The Model PPA provides limited protection for investors, as it is not subject to negotiation or revision to reflect investor-specific risks. Notably, it lacks provisions addressing early termination due to the offtaker's default and does not ensure payment of termination compensation, leaving investors exposed to significant risk.
There are also challenges regarding the return on investment in energy storage projects. The auction framework presumes that project developers will recoup their investments through the applicable renewable energy tariffs, with the ceiling rates currently set at 34.61 tenge/kWh for SPPs and 22.68 tenge/kWh for WPPs. These tariffs do not include the costs of installing ESS, which makes such projects economically unviable for investors.
Q2: How are large utility-scale renewable power projects typically tendered?
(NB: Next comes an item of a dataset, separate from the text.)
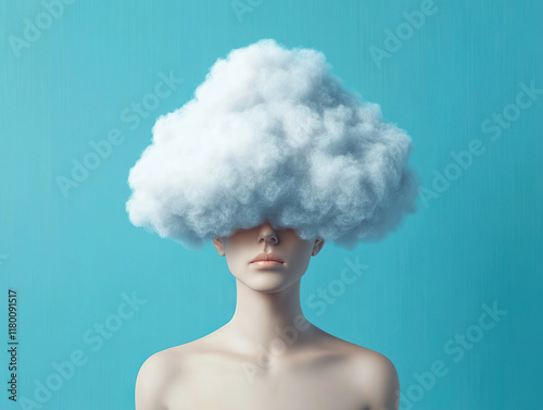 conceptual image of mannequin with cloud shaped head against serene blue background, symbolizing creative thinking

Kazakhstan implements various types of renewable energy projects through mechanisms such as auctions, direct agreements, corporate PPAs among group companies, and Intergovernmental Agreements (IGAs). Most projects are auction-based and generally moderate in scale, typically ranging from 20 MW to 50 MW, occasionally reaching up to 100 MW. Notably, the only recent large-scale project, a 1 gigawatt (GW) wind power plant with ESS, is currently being implemented, with the winner having been selected through the auction framework.
Recent practice indicates that GW-scale renewable energy projects in Kazakhstan are primarily implemented through IGAs. These agreements, signed on a case-by-case basis with the government, serve as an alternative mechanism for developing large utility-scale projects. IGAs can take precedence over certain national legal provisions and offer investors customised legal, regulatory, and fiscal conditions. These may include exemptions from standard requirements, stabilisation clauses, customs and tax incentives, guaranteed tariffs, and assured access to land and infrastructure. To date, Kazakhstan has signed and ratified IGAs for GW-scale renewable projects equipped with ESS with France and the UAE. Meanwhile, IGAs with China and the Kingdom of Saudi Arabia remain at various stages of negotiation and legislative approval and have not been yet ratified.
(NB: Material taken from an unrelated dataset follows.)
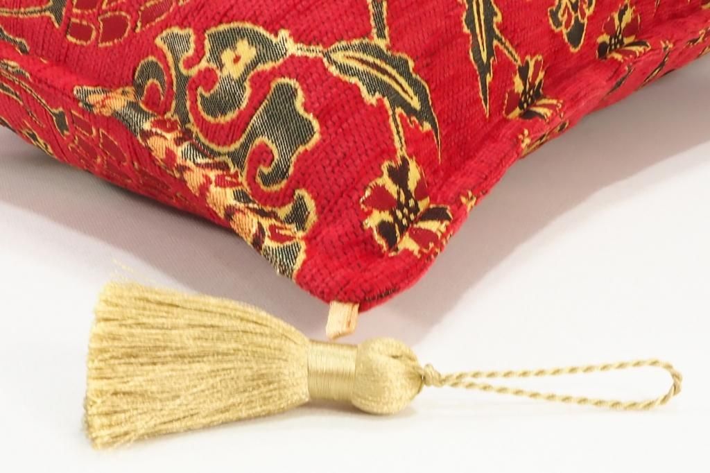 お洗濯の際にタッセルを取り外しできるよう作りました。タッセルを専門に作っている会社にオーダーしておりますが、当店のすべてのタッセルをひとりの職人が手作りしております。ポリエステルの3000本の糸を使用し、全長13センチ、1センチの結び目は約80センチの糸7本を使ってしっかり止めていますので、ほどけにくいつくりになっております。糸もファブリックのゴールド部分の色に合わせて染色してもらいました。

Q3: To what extent is your jurisdiction's energy demand met through domestic renewable power generation?
As set out in the Concept for the Development of the Electric Power Industry of the Republic of Kazakhstan for 2023–2029, Kazakhstan aims to increase the share of electricity generated from RES to 12.5% of total electricity production by 2029. The annual targets are as follows:
- 2023 – 5%.
- 2024 – 5.5%.
- 2025 – 6%.
- 2026 – 7%.
- 2027 – 8%.
- 2028 – 10%.
These figures reflect the government's strategic commitment to gradually expanding domestic renewable energy generation to meet the growing energy demand. According to the Ministry of Energy, by the end of June 2025, electricity generated from RES facilities accounted for 6.81% of the total energy production of Kazakhstan.